▶ _ASSIGNED TASK_
Each line of the data below between the one containing "CULTURED PEARL BRANCH" and the one containing "Let the Coral", both included, is to be repeated exactly. Please omit pictures.

▶ _DATASET ENTRIES_
=======

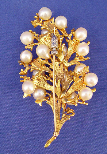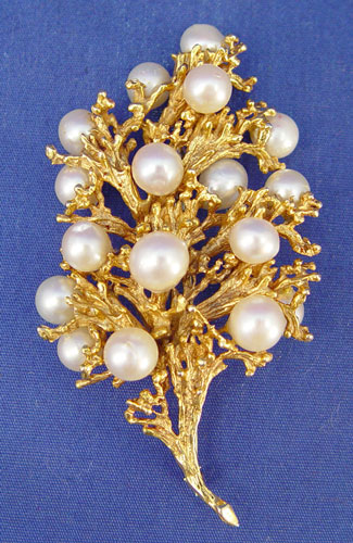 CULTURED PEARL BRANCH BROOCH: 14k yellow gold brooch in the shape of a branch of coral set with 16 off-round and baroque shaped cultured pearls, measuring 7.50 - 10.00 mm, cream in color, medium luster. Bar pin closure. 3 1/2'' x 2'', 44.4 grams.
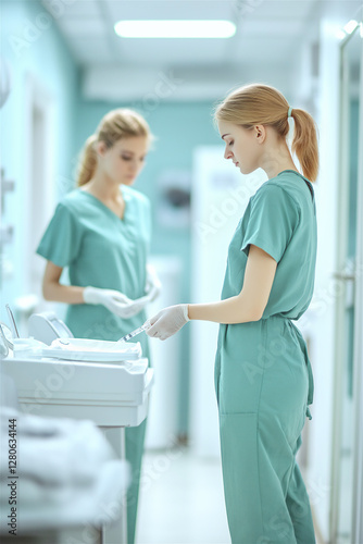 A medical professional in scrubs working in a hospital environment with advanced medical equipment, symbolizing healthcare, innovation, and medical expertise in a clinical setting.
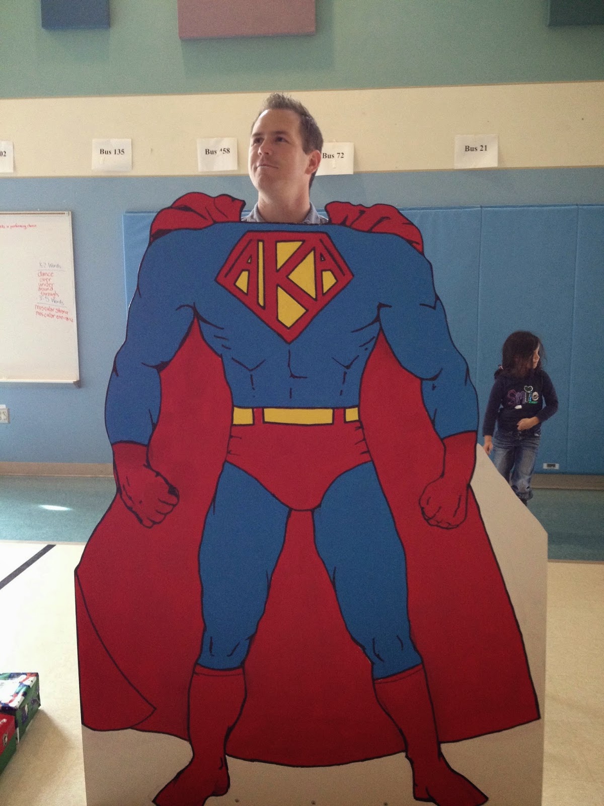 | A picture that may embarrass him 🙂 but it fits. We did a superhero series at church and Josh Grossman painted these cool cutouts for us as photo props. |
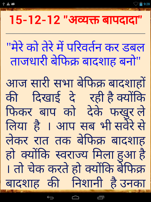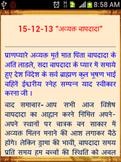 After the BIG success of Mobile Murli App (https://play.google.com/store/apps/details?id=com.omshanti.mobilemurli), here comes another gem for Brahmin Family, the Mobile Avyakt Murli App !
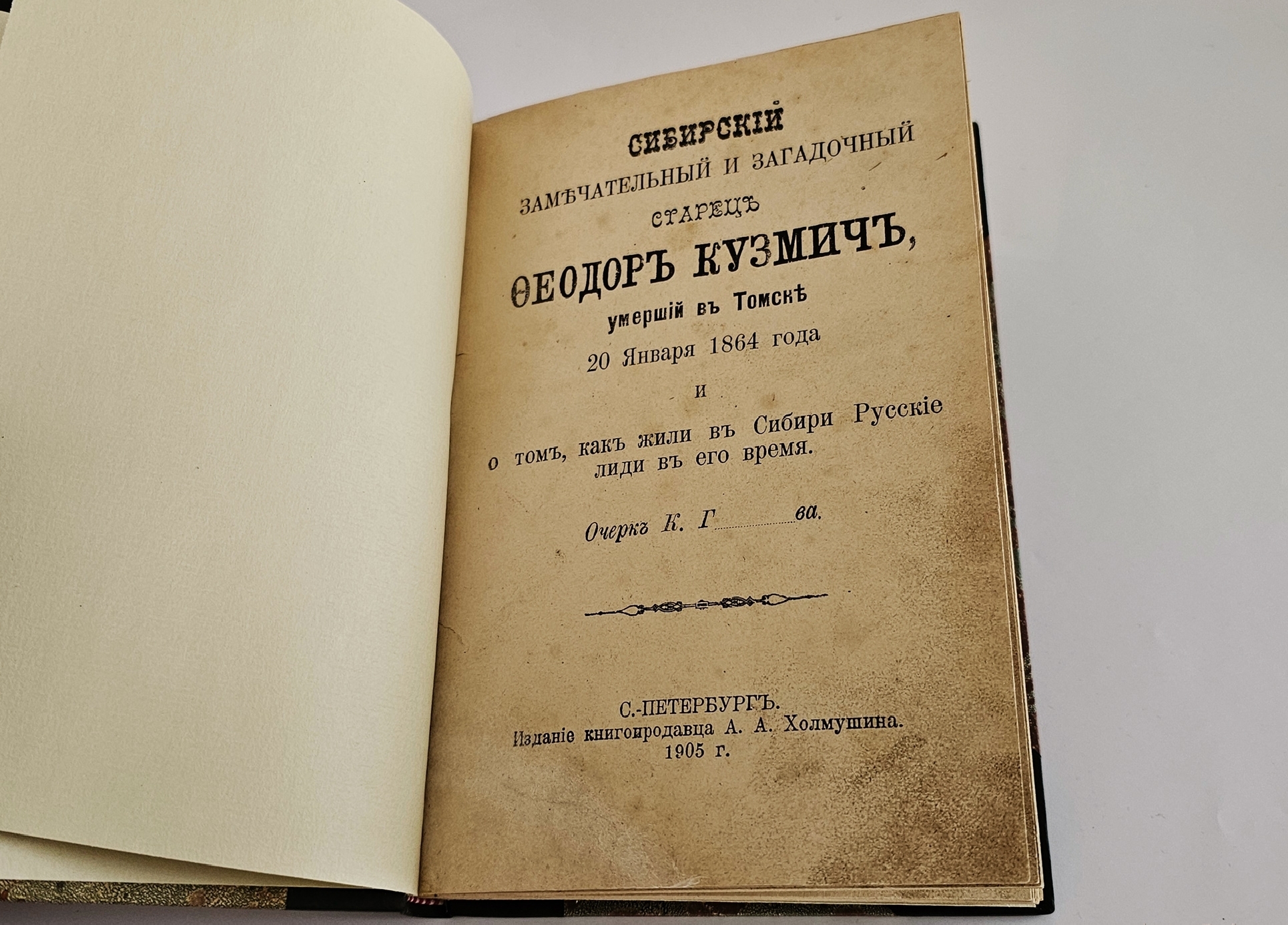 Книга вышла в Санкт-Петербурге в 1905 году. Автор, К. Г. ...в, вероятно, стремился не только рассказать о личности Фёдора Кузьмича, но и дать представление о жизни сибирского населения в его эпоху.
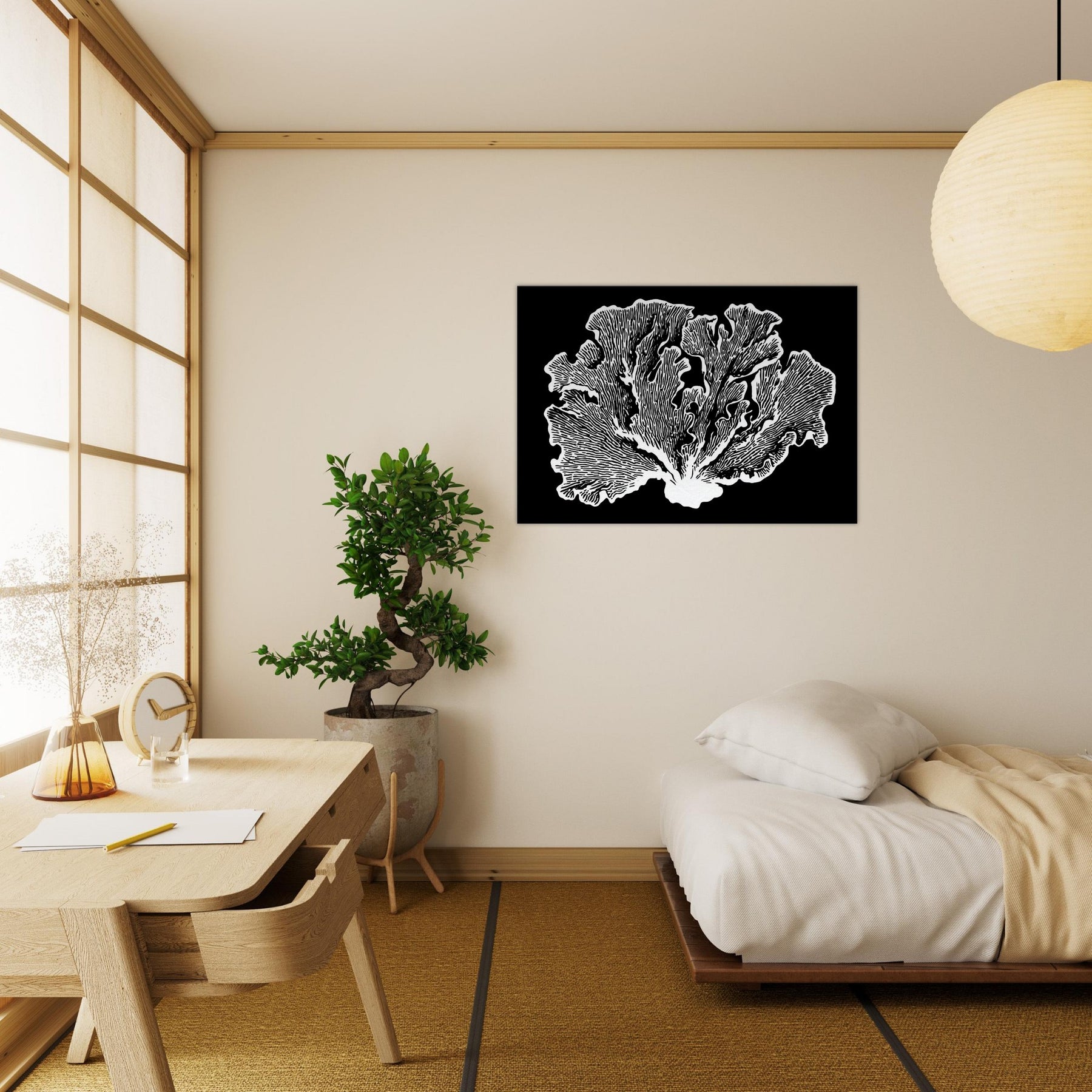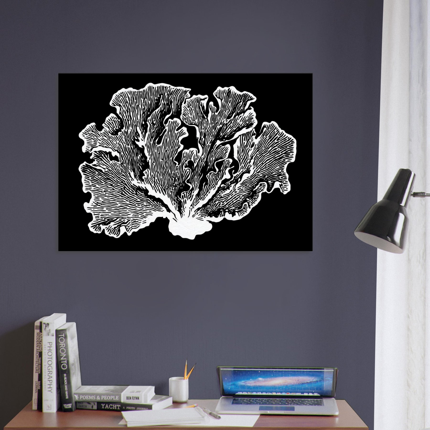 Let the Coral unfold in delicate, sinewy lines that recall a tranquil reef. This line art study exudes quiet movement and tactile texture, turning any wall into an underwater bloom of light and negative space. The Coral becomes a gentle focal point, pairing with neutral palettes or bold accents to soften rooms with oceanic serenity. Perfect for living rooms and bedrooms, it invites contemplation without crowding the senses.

=======

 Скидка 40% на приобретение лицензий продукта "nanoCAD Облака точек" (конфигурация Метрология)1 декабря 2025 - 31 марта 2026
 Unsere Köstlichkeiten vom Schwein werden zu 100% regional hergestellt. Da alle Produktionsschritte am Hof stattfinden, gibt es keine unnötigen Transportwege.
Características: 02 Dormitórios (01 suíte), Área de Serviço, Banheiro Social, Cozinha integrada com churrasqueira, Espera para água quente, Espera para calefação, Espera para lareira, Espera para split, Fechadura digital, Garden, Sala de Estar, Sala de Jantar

=======

▶ _EXERCISE RESULT_
 CULTURED PEARL BRANCH BROOCH: 14k yellow gold brooch in the shape of a branch of coral set with 16 off-round and baroque shaped cultured pearls, measuring 7.50 - 10.00 mm, cream in color, medium luster. Bar pin closure. 3 1/2'' x 2'', 44.4 grams.
 A medical professional in scrubs working in a hospital environment with advanced medical equipment, symbolizing healthcare, innovation, and medical expertise in a clinical setting.
 | A picture that may embarrass him 🙂 but it fits. We did a superhero series at church and Josh Grossman painted these cool cutouts for us as photo props. |
 After the BIG success of Mobile Murli App (https://play.google.com/store/apps/details?id=com.omshanti.mobilemurli), here comes another gem for Brahmin Family, the Mobile Avyakt Murli App !
 Книга вышла в Санкт-Петербурге в 1905 году. Автор, К. Г. ...в, вероятно, стремился не только рассказать о личности Фёдора Кузьмича, но и дать представление о жизни сибирского населения в его эпоху.
 Let the Coral unfold in delicate, sinewy lines that recall a tranquil reef. This line art study exudes quiet movement and tactile texture, turning any wall into an underwater bloom of light and negative space. The Coral becomes a gentle focal point, pairing with neutral palettes or bold accents to soften rooms with oceanic serenity. Perfect for living rooms and bedrooms, it invites contemplation without crowding the senses.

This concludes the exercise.